Чуть погодя в отдалении над водой, не касаясь ее, вспыхнули дрожащие разноцветные огни: красные, синие, желтые, зеленые. Они были тусклыми и прозрачными, сливались со струящимся из туч свечением. А потом задвигались, заплясали, сходясь и расходясь. Их трепещущие язычки сплетались причудливыми узорами, словно пытались что-то сказать.
Хани невольно попятился, но брат, крепко схватив за плечо, остановил его.
— Назад дороги нет. Большое Болото — это такое место, где можно идти только вперед, — насмешливо сказал он.
Хани оглянулся.
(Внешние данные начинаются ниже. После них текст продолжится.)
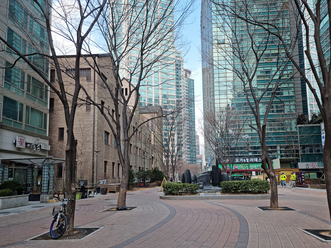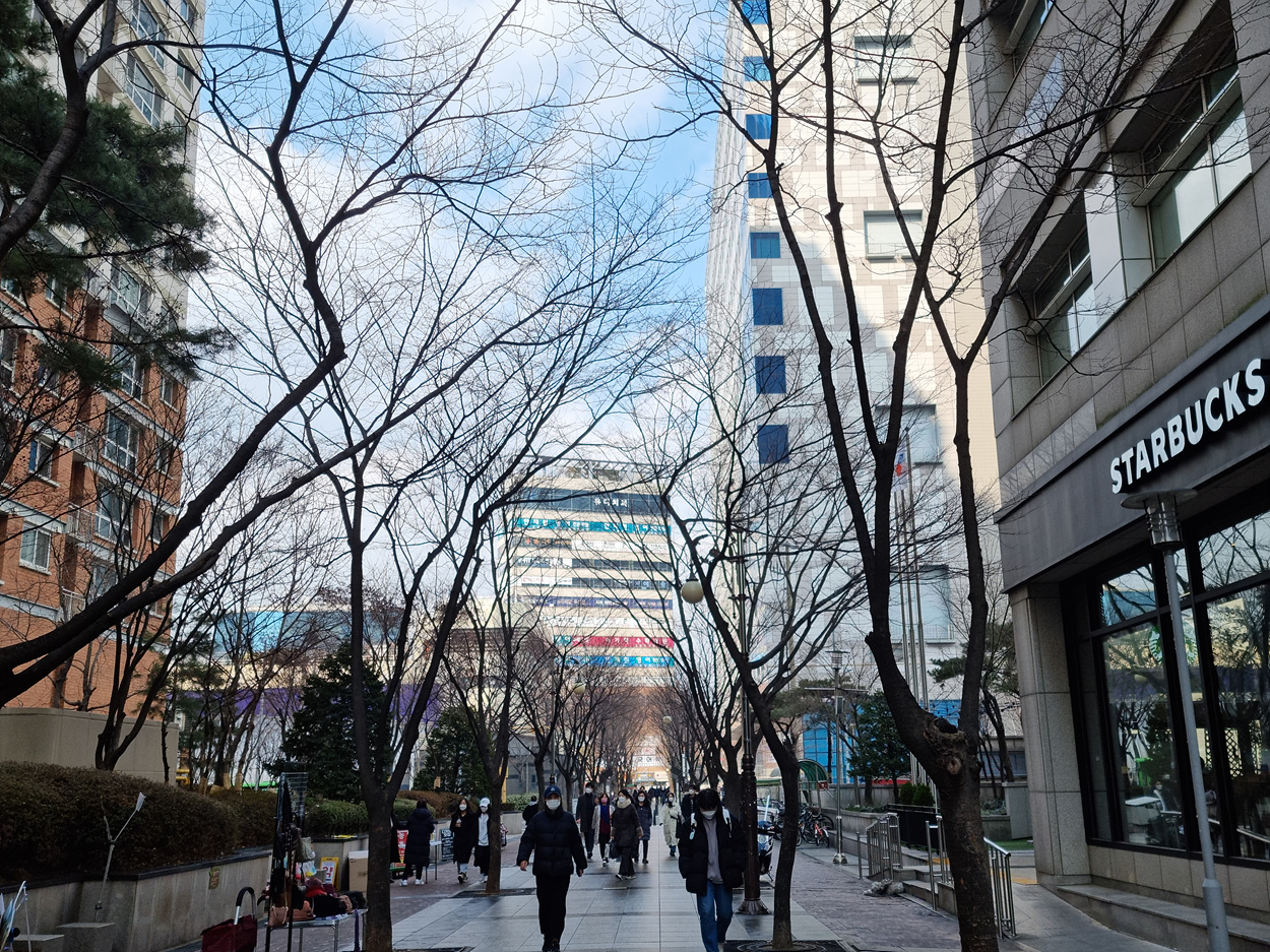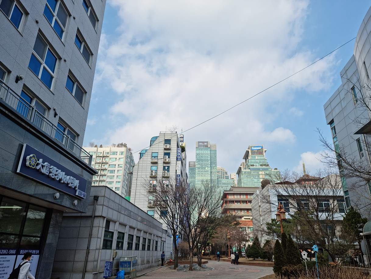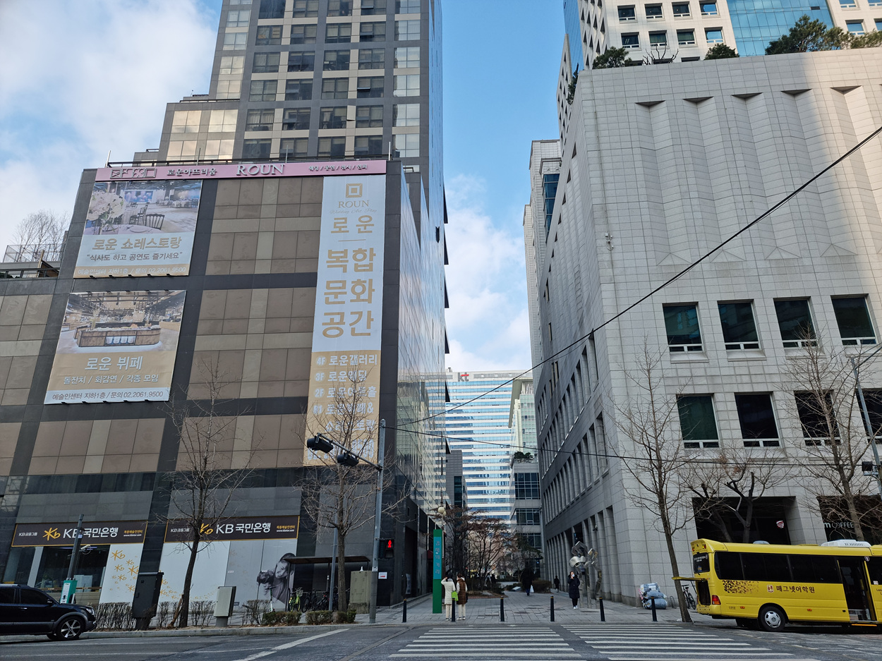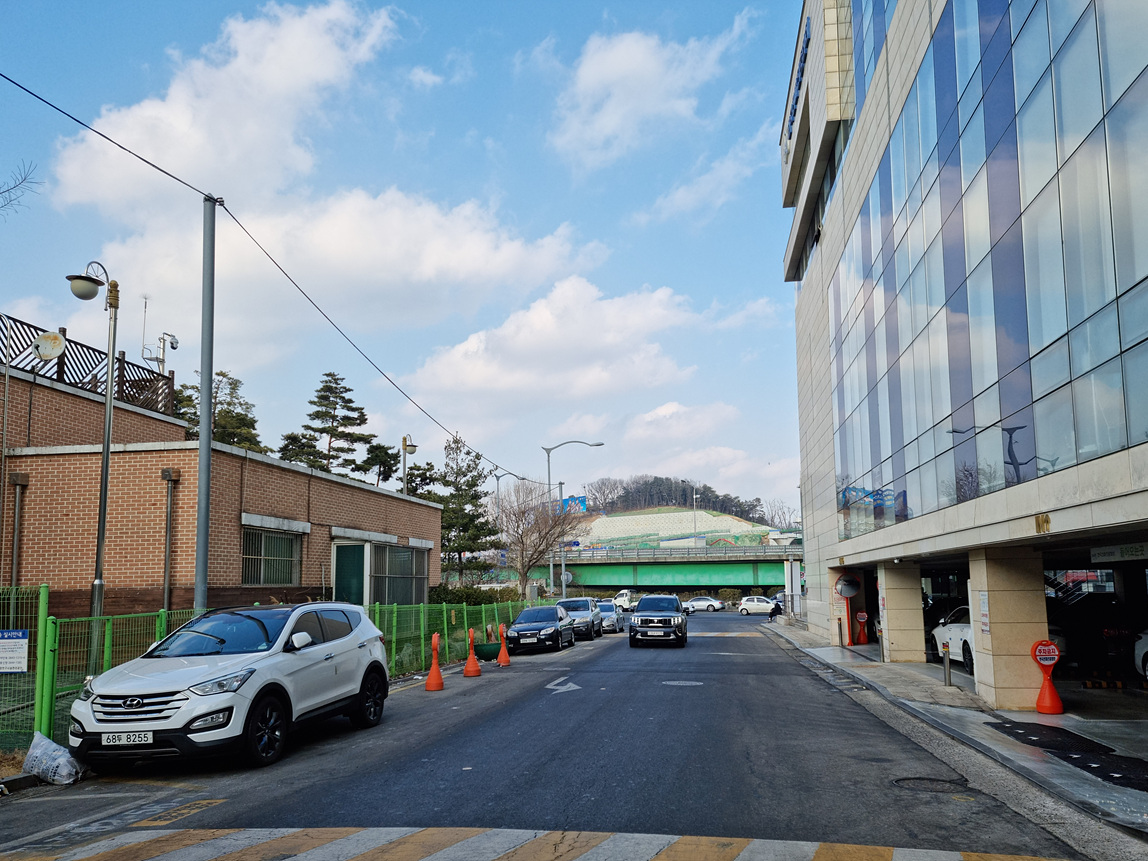빌딩들 가운데길로 양천세무서 뒤로 간다, 오른쪽에 보이는 작은?건물이 양천세무서고

Прямо позади них, буквально у самых ног, чуть покачивался желто-коричневый узор гнилой ряски, прикрывавший глубокий провал. И это там, где недавно вода не доходила ему до колена! Вдали, едва заметные, качались высохшие камыши. Но как далеко они были…
Над танцующими огнями взвихрились такие же цветные дымы. Светящиеся клубы распухали на глазах, поднимаясь к небу, густели, сливались друг с другом и постепенно заволакивали все вокруг. Над Болотом разнесся резкий пряный аромат, напоминающий запах корицы. В одно мгновение он перекрыл тошнотворный запах гниения и смерти.
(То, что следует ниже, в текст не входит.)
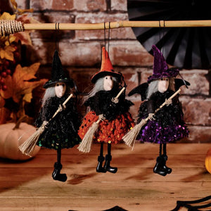 Elevate your Halloween décor with this set of three Spooktacular Sequin Hanging Witches. Each witch features a fabric body adorned with sparkling sequins, dressed in skirts and hats in vibrant purple, orange, and black with green accents. Complete with black shoes, long gray hair, and a broomstick, these charming figures come with strings for easy hanging. Perfect for adding a touch of magical whimsy and festive sparkle to your home this Halloween season.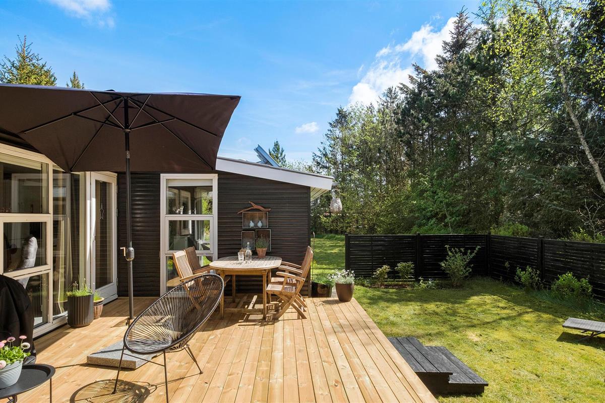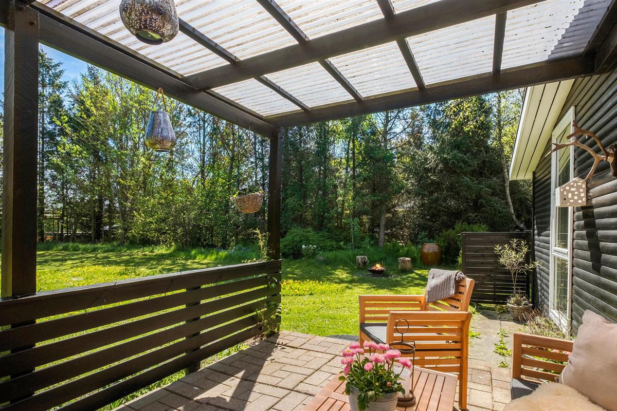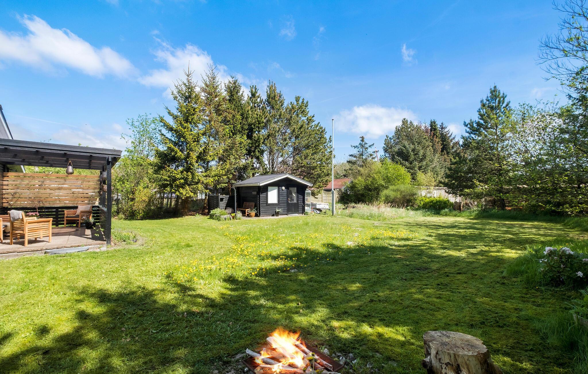 Stijlvol houten vakantiehuis met privéterras, houtkachel en ruime tuin in het rustige Hals, dichtbij kindvriendelijk zandstrand.

— Что это? — шепотом спросил Хани.
— Не знаю, — так же тихо ответила Рюби, побледнев. — Никогда не слышала ни о чем подобном. Даже мои знания небезграничны.
Один лишь Чани оставался сравнительно спокойным. Он вышел вперед, оттеснив Рюби, и молча разглядывал необычную картину. Ноздри его широко раздувались, втягивая приятно пахнущий воздух.
Пестрые фосфоресцирующие облака тем временем подобрались к путникам вплотную и окружили их. Хани невольно дернулся, чтобы бежать, но понимая бессмысленность этого желания, заставил себя стоять на месте. От приторного, слишком сильного аромата все кружилось перед глазами, голова казалась распухшей и мягкой. Хани почувствовал, как у него подгибаются ноги, еще немного — и он упадет прямо в расступающуюся под ногами пропасть. Но рука брата с такой силой встряхнула его за воротник плаща, что лязгнули зубы. Хани прикусил язык и от острой боли коротко вскрикнул. В тот же миг наваждение пропало, дурман исчез.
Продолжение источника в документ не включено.